Rational35
AK Subscriber
I have to agree. You haven't lived till you have experienced, Big Altec, JBL or Meyer systems. They can be as focused as small system yet present the sound of a full orchestra, wind band, or Pipe organ as no other system can <snip for brevity> A way to reproduce sound with scale, dynamics and pleasure as the the world spread before us as we travel in style.
Yes Sir! I have seen a divergence in this thread- those who "get it", and those who *think* they "get it". I'm not tryin to pick on anyone; we all form our preferences from experience. It depends on the "scale" we have experienced. As a live sound engineer who has worked a good number of the clubs, theaters, arenas, and stadiums in North America, with many performing artists of different musical genres, I know intimately what @twiiii speaks of. I know what live instruments sound like when I stand way too close to them on stage
But, it wasn't until I brought a big Altec theater system *into my home*, that I really "got it". 4 15"s per side, large-format compression drivers on multicell horns, and JBL baby-cheek tweeters in an active/passive system with solid-state amps on bottom, tubes on top... in a 15' x 25' x 9' room.
We didn't listen to music. We attended concerts.

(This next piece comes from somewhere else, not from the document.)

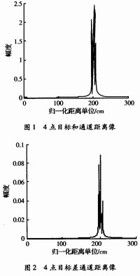 为了验证算法的有效性,设目标上有4个强散射中心,信号参数:带宽B=200 MHz,初始频率fo=60 MHz,脉冲个数N=20。目标参数:ri是第i个散射中心与雷达的相对径向距离,r=[196,198,200,202],单位:cm,θi是第i个散射中心相对雷达视线的方位角,θ=[0.0410,-0.010 2,0.019 0,-0.050],单位:弧度,所有散射点散射强度均相等均为1。根据以上一维成像算法可以得到目标和通道、差通道距离像分别如图1和图2所示。采用高分辨距离像测角算法测量的角度θ=[0.042 0,-0.014 2,0.020,-0.056],从以上可以看出测的目标角度与实际目标散射中心的角度是相当吻合,均匀加权后得到目标径向几何中心的方位角θ=-2.05×10-3。

@WaynerN, Man you've been dancing around this, is SWMBO watching while you type? Please don't take offense, I'm kidding- you clearly get the concept But my take is, if the speakers will fit in the room, and there's room left for a chair, then the speakers are not too big for the room. We have simply made the transition from modal space to pressure-zone.
There are not enough smilies in the library to punctuate this post without it looking stupid. So I'll trust y'all sense o'humor.
<edit> Oh, I meant to mention, "dispersion" is highly over-rated, IMO. More important is a smooth transition of directivity. From omni in the bass (unless you're using a cardioid dipole) , to an 80-90 degree pattern for the top four octaves (with possible dipole advantages here, too). Which is why I like well-designed waveguides with compression drivers, and abhor dome tweeters. This has been covered in depth by Geddes, Parham, and others. (desperately trying to unsqueeze toothpaste back into the tube) :lol:
<edit2> It's not about bass. There must be balance. It's about effortless bass.
It's not about volume or loudness. With the Altecs, I could create the auditory illusion of being at a live concert, but still hold conversation with someone 6 feet away, without raising our voices. The Stage was just far enough away that we could do that.
As freQ(*)Oddio opined in the defining article of this thread, it is about scale. Not volume, loudness, nor bass. Scale. I like that observation.
<edit3> It's about efficiency of energy conversion. Efficient (pro) drivers sound more "alive and real" to me than low-efficiency audiophile drivers which measure better at small-signal tests. I just know that a 82-86dB/1w/1m woofer is going to sound less "alive and real" than a 95-98dB/1w/1m woofer, no matter what the simulations and measurements say, at the same acoustic volume level. One night, just for giggles, I hooked an oscilloscope to the amp outputs feeding the Altecs, from 70Hz up. Cranked the level up to the max anyone was comfortable with- rock concert levels in our basement living room. We hit occasional peak levels of 4 watts per channel.